Another thing most golfers don’t consider is how the length of the shaft will affect their swing mechanics. One of the key parts starts at address with the waist bend. Simply put, you must have some waist bend at address. That’s one of the big things that separates a golf swing from a baseball swing…the bend of the waist at address. There are plenty of other differences, but waist bend is an integral part of the swing. Without it, you can make it difficult to control your clubface, path and low point while losing clubhead speed.

That’s why it’s ridiculous to see a golfer who is using a 45-3/4 inch driver when they stand 5’8” tall. My driver is 45-inches long and I’m 6’3” tall. Masters Champion Bubba Watson is 6’4” tall and has been usinga 44-3/4 inch driver until recently when a PING rep told me he’s down to 44-1/2 inch driver.

So if you’re using too long of a driver, your mechanics could be off at address and never give you much of a chance in the rest of the swing.


The longer the shaft, it almost inherently becomes more difficult to consistently hit the ball on the sweetspot. This is understandable given the added length to the club.

Recently, Miles of Golf Driving range in Michigan did a study where they had different golfers swing the same driver head with the same shaft and swingweight…but with different shaft lengths. One being a 44.5 inch length and the other at 45.5 inches.

The results showed that there was almost no rhyme or reason to what golfers hit what driver better. Some hit the longer driver better in all facets…distance, accuracy, centeredness of contact and consistency. Others hit the shorter driver better. And it didn’t matter what the golfer’s clubhead speed was.

As I posted here, I believe what happened was the club’s MOI was very different (the entire club, not the MOI of the clubhead).

So the shorter club, which most likely had a lower MOI may have fit certain golfers swing and the longer club probably had a higher MOI that fit the other golfer’s swing.

I know I’ve trimmed of ¼-inch off the butt end of a shaft before and it altered the MOI by 60 kg/cm2 less than it was before.
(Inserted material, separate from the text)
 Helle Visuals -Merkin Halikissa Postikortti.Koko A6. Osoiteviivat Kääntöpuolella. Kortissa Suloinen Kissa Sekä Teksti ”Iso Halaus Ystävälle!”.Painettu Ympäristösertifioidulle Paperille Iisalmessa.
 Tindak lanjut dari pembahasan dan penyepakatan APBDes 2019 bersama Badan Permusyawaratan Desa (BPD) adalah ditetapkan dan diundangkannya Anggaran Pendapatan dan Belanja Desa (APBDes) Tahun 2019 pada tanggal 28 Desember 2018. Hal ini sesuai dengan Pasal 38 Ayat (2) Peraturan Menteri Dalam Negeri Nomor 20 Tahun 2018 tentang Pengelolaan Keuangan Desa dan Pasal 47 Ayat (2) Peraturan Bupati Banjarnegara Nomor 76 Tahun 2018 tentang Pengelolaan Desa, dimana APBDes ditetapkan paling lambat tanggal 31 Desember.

Of course, that may vary with different shafts because much of MOI matching has to do with how the weight is distributed throughout the club. But, 60 kg/cm2 is a LARGE difference.
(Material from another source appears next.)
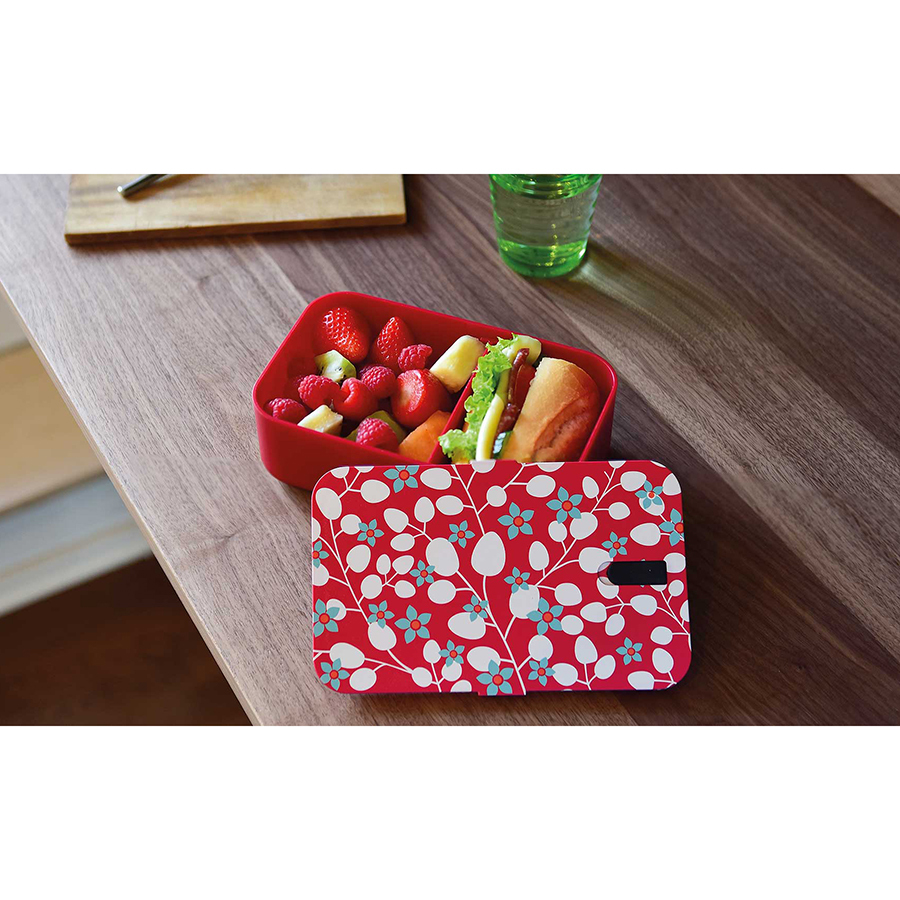 Герметичный контейнер сохраняет свежесть сэндвичей, салатов, десертов, а регулируемая стенка позволяет разграничивать два разных блюда. Ланч-бокс имеет закрывающееся вентиляционное отверстие. Пластик не содержит бисфенола А.Можно мыть в посудомоечной машине и греть в микроволновой печи, предварительно сняв крышку.

Where drivers are so different from the rest of the club is that drivers are pretty much based on golfers trying to find the club they hit the longest, most accurately and with the most consistency. With irons, distance control tends to play a bigger factor as well as trajectory.

So while finding the right shaft model is often the golfer’s main consideration, they should probably look at driver shaft length FIRST and then consider the model second. And if they can understand the ramifications of going with a longer or shorter shaft, they are now pointed in the right direction of finding the best driver for them.